Some of those questions relate to whether or not the lithium could be easily extracted. Others include whether extracting the lithium will face legal challenges. Andersen notes that environmental groups, as well as representatives from the Paiute and the Shoshone, have taken legal action to stop lithium mining nearby — though the 9th UU.S. Circuit Court of Appeals denied their efforts earlier this year.
It isn’t hard to see why both tribal groups and environmental advocates — not that those two categories are mutually exclusive — would be concerned over the effects of lithium mining on the landscape. One of the paradoxes of the popularity of electric cars are the ways that digging for the minerals needed for their batteries can have environmental consequences of its own.
The study published in Science Advances and cited in the Atlantic article argues that the lithium deposit it covers could differ from other high-profile lithium deposits in terms of its environmental impact.
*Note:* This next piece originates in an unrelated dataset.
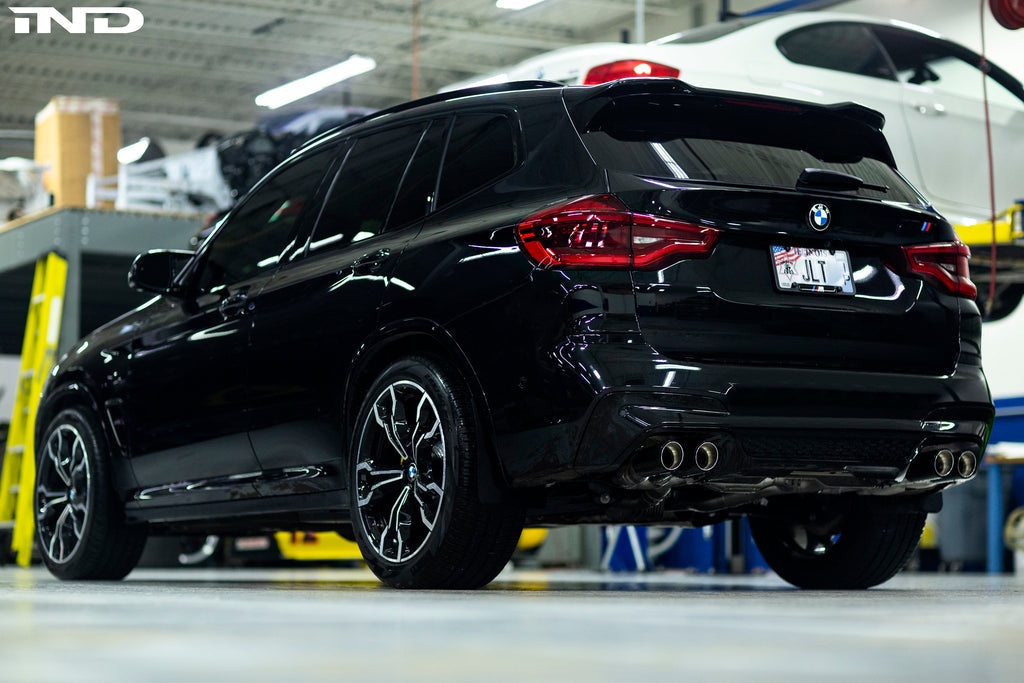 This standard has been rewritten once again with Eisenmann’s newest offering: the F97 X3M exhaust. Whereas the outgoing F85 X5M was characterized by its wide array of choices, Eisenmann engineers went the route of simplicity for the newest M SUV; the X3M will boast a 304 stainless steel race exhaust exclusively, a system specifically designed to maximize power output and exhaust note while also shedding perceivable exhaust weight. To achieve this, the original BMW muffler and valve control are deleted in favor of one, compact high-flow resonator. This allows Eisenmann to focus its efforts on the all-important task of tuning the exhaust note while minimizing restriction.

The study’s authors write that “[v]olcano sedimentary lithium resources” — which this deposit is — “tend to be shallow, high-tonnage deposits with low waste:ore strip ratios.”
That could mean a less invasive mining process, which seems like a plus for several reasons. But we’re still a long way from seeing this potential become a reality. Like not counting chickens before they’ve hatched, it’s probably a safer bet to avoid counting this lithium before it’s mined. Assuming, of course, it actually is.